- by Jimmy Fisher
- Nov 02, 2024
Concatenating 2018-2022 results in a single dataframe of 15,859,795 death records in the U.S. from 2018 to 2022, all of which include our selected variables.
As part of my initial exploratory data analysis of this giant NCHS U.S. mortality file, I built a Dash app to demonstrate how intermediate visualizations can make data easier to explore for programmers working on projects. I mapped encoding values onto the hover-overs to make each viz easier to understand, and added in some axis controls. The purpose of this viz is to explore the dataset as a data scientist, so I'm not going to spend a lot of time polishing it, but here is a quick walkthrough.
There are 4 visualizations controlled by the top global filters:
You can select a value from the 39, 113, or 358 cause recodes and also toggle on/off male and female records.
At the top-left is a line graph showing deaths by sex and year for the selected cause (in this case, "Malnutrition" from the 113 Cause Recode). The top-right shows deaths for the selected year (2022) on a scatter/jitter plot, with Age Recode 27 and Race Recode 40 selected for my axes. The hover-over box you see within the top-right viz shows the raw values for race_recode_40 and age_recode_27 from our data, but also the description (desc) of that value for the selected variable, such as "Samoan" and "75-79 years old".
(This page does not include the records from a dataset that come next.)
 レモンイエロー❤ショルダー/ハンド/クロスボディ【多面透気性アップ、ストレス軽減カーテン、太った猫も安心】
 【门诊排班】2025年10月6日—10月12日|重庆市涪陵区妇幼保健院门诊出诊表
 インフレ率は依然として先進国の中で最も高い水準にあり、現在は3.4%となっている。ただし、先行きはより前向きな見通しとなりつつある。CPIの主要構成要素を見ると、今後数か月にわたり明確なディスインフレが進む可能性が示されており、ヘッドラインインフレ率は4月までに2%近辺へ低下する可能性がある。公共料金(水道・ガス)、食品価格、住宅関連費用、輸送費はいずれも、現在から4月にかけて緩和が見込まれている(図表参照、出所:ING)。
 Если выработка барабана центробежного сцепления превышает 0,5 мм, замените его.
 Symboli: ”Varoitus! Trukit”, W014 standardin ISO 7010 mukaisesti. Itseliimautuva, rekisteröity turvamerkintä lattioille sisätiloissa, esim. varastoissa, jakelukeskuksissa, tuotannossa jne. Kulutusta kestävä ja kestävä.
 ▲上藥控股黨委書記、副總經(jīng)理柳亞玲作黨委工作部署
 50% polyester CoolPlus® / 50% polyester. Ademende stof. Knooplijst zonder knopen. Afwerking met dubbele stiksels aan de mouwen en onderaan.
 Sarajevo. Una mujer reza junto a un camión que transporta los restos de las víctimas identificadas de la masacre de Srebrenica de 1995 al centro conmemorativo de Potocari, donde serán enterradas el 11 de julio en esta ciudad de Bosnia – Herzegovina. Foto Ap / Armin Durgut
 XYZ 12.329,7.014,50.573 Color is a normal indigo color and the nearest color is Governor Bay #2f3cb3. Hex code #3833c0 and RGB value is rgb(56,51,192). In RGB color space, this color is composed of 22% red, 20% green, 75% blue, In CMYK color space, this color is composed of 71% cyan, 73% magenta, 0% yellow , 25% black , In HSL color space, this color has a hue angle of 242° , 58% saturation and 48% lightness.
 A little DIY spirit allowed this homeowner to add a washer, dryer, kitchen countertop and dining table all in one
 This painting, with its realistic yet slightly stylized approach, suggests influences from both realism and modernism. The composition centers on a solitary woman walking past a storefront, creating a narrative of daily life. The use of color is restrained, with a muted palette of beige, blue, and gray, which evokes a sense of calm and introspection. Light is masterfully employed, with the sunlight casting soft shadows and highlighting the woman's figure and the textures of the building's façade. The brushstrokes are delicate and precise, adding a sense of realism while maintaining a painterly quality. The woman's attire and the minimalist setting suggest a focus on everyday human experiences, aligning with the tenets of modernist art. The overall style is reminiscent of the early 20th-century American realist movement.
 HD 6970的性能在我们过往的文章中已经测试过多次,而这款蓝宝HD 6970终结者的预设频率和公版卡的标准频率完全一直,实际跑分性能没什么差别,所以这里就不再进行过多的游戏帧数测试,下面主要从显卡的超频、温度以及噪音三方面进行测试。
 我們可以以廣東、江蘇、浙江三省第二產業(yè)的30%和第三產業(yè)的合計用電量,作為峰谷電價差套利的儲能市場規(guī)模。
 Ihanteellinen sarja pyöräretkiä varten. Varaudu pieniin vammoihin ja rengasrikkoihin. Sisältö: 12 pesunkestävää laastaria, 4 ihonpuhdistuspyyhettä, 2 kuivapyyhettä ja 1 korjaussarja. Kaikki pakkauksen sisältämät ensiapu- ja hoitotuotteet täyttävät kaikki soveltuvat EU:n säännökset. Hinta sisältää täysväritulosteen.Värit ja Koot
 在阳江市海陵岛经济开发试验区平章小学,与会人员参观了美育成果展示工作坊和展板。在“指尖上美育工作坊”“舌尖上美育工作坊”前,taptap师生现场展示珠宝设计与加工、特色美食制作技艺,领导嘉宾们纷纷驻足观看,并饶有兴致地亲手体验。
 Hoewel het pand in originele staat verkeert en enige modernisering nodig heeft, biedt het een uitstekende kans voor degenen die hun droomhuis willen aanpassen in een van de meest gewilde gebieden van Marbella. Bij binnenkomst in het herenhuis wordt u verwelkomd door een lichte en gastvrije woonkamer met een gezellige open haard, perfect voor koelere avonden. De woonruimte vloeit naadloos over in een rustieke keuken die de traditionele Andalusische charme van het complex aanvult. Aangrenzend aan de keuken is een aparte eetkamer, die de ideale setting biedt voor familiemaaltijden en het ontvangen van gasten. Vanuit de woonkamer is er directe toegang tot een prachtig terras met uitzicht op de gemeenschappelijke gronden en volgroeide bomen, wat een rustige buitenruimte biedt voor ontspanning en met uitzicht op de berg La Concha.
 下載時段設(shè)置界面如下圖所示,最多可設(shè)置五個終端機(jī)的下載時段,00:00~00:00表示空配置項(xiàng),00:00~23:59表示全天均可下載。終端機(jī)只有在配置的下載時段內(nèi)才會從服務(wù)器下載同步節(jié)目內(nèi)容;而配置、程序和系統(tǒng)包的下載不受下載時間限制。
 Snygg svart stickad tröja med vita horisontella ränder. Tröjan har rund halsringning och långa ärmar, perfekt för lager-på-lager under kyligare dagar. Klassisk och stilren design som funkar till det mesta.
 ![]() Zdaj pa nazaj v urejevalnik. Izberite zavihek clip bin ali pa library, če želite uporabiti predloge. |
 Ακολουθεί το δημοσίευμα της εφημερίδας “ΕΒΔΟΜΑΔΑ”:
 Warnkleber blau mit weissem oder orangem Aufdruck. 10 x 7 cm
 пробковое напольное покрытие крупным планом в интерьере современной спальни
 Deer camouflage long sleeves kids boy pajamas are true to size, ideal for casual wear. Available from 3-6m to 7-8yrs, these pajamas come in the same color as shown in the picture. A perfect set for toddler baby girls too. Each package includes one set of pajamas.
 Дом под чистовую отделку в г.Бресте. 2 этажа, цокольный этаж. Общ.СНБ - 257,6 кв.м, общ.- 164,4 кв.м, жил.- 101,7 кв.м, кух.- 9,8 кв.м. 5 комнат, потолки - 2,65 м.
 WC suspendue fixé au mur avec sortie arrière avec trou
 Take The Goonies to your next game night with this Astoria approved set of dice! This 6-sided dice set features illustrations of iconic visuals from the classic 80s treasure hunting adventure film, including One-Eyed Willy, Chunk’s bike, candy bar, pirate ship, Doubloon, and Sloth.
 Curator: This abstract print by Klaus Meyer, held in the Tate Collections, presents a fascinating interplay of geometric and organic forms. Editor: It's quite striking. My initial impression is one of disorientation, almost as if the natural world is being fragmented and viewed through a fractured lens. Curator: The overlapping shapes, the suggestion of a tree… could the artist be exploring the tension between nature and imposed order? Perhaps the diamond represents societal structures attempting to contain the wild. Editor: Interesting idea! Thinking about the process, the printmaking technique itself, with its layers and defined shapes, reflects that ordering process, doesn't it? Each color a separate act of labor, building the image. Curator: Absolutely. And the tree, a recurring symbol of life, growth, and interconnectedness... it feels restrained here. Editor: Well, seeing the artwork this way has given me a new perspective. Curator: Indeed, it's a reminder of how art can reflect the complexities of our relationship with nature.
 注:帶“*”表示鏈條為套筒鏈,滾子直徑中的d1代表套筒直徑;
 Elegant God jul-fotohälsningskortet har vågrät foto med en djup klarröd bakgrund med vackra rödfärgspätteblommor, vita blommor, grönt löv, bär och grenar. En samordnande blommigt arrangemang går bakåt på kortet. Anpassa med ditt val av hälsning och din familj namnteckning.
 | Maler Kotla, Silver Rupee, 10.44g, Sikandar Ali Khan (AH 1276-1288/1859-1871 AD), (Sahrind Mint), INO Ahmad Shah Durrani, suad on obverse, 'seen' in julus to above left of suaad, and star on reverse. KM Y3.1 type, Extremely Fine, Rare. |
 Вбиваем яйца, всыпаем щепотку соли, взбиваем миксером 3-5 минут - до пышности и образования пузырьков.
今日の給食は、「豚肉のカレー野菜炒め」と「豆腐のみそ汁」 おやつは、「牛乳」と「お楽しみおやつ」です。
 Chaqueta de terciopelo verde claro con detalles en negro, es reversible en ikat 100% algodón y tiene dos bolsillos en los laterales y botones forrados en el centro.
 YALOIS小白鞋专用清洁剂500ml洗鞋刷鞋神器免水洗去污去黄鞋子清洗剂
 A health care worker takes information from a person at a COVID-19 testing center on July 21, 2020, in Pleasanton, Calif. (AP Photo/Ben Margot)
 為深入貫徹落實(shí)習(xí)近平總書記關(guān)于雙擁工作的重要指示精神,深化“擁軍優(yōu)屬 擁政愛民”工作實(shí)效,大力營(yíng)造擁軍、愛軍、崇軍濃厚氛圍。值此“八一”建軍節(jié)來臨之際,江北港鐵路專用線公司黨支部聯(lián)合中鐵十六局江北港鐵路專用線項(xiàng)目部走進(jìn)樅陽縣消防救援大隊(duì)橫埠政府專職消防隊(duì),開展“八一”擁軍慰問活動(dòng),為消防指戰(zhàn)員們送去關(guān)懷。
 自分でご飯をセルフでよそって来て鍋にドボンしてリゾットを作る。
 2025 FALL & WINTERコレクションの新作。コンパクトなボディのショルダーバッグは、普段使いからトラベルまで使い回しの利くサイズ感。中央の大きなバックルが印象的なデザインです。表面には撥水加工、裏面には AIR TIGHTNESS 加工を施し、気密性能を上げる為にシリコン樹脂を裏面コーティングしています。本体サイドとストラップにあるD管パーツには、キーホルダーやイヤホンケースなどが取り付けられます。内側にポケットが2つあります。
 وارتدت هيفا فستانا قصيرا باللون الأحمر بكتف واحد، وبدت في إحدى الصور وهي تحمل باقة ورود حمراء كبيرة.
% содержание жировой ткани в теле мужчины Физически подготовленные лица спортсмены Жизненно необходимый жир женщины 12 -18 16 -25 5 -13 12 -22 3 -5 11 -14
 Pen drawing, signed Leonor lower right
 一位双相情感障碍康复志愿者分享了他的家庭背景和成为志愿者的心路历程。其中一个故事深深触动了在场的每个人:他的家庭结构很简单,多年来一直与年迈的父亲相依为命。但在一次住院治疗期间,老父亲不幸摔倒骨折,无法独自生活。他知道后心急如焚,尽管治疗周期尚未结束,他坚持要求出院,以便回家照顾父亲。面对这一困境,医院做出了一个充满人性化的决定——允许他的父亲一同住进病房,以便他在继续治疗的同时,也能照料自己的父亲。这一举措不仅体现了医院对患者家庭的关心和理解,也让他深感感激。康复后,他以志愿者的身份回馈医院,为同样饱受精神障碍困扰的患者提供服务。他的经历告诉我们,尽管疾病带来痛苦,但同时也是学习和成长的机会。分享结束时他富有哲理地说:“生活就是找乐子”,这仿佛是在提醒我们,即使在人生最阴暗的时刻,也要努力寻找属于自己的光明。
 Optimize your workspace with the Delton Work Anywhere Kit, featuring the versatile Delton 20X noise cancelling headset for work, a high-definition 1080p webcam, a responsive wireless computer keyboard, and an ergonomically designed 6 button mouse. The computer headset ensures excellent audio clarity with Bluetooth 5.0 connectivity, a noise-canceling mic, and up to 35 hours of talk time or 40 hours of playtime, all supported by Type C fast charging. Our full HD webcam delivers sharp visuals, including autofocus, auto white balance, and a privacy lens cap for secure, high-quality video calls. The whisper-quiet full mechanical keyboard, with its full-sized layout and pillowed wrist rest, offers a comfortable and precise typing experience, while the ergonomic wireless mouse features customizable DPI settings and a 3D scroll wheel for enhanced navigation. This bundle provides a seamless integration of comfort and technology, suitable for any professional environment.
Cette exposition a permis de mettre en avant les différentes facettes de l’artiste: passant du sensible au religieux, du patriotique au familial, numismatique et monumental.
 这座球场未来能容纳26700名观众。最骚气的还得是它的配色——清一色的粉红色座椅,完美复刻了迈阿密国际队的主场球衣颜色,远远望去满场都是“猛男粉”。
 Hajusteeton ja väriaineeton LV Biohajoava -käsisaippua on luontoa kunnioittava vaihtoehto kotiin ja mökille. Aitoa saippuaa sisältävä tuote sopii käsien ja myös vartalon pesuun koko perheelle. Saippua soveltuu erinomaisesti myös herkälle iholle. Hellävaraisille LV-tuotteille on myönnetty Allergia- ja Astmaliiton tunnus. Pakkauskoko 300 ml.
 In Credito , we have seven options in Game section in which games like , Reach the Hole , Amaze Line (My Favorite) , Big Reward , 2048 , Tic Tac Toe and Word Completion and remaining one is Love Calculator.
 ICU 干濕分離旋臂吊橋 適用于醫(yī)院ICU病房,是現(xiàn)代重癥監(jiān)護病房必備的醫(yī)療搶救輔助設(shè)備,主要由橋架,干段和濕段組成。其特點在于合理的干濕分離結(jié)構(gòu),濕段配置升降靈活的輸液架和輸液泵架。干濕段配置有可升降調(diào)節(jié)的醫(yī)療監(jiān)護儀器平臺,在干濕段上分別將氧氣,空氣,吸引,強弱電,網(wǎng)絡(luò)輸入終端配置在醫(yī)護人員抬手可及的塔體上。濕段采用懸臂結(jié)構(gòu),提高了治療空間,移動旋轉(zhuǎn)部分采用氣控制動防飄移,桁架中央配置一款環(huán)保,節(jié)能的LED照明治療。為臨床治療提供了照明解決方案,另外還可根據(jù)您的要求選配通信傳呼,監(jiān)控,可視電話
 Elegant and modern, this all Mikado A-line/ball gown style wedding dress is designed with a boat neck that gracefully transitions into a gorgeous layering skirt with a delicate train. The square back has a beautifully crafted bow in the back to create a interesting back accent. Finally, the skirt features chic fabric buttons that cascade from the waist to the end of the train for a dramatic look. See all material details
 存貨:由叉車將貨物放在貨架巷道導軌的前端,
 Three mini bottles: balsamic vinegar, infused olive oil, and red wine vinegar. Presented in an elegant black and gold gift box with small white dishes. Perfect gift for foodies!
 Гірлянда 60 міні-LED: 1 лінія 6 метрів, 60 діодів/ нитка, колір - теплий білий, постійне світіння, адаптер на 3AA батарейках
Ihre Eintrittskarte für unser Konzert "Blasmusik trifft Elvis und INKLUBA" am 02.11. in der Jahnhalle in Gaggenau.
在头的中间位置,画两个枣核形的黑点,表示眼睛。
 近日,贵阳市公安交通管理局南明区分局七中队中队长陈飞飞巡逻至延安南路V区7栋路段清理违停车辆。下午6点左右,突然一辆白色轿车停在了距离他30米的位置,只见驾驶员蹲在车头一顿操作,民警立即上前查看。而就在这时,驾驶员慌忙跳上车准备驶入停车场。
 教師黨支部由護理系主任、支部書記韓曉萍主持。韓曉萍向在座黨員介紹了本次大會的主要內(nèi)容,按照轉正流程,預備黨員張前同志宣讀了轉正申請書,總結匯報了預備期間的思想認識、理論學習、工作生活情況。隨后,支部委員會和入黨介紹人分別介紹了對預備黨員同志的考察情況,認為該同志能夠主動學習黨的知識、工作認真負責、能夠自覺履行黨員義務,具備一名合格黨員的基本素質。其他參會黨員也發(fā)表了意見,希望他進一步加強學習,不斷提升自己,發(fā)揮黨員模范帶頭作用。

The first of the lower two visualizations is a stacked bar-chart at the at the lower left, showing the distribution of deaths for the selected cause recode by year and age group. While this tile defaults to "All Years" (2018-2022), I selected 2022 and hovered over one segment, spawning a hover-over box telling us that 1,375 men 85-89 years of age died of malnutrition in the United States.
The fourth and final viz is a horizontal stacked bar chart with a toggle to show either where people were when they died or the manner of their death (e.g., natural, suicide, homicide, etc.). In the below screenshot for malnutrition, hovering over the orange segment of Place of Death 4 shows interpretable detail, that 5,520 women died in 2022 of malnutrition while at their homes.
The entire Jupyter Notebook is available on GitHub and the Dash App visualizer is available for your exploration through the following links:
NOTE: At the top of the Dash app code, you'll notice after loading the cause recode maps from .csv files, I created mappings for race, age, education, manner of death, and place of death. Then, I could reference them in each visualization's dataframe. The general layout of Dash apps is covered in THIS great article, and you can find some sophisticated examples HERE, but consider the code in blocks. First, below the variable maps, you'll find an app layout where the global filters and visualization locations (2 in the top row & 2 in the bottom row). Following this layout, each visualization is built in turn, beginning with @app.callback before specifying outputs and inputs. Take your time and, if you have access to an LLM, one great way to better understand the code is to copy-paste a section into it and ask for a detailed explanation.
For those interested in building visualizations such as these professionally, keep in mind that additional refinements to this approach would likely be necessary for laypersons to more easily navigate it, such as a single year selector affecting all tiles. The explicit purpose of this dashboard is to help data scientists with exploratory data analysis prior to conducting statistical tests and building AI/ML models.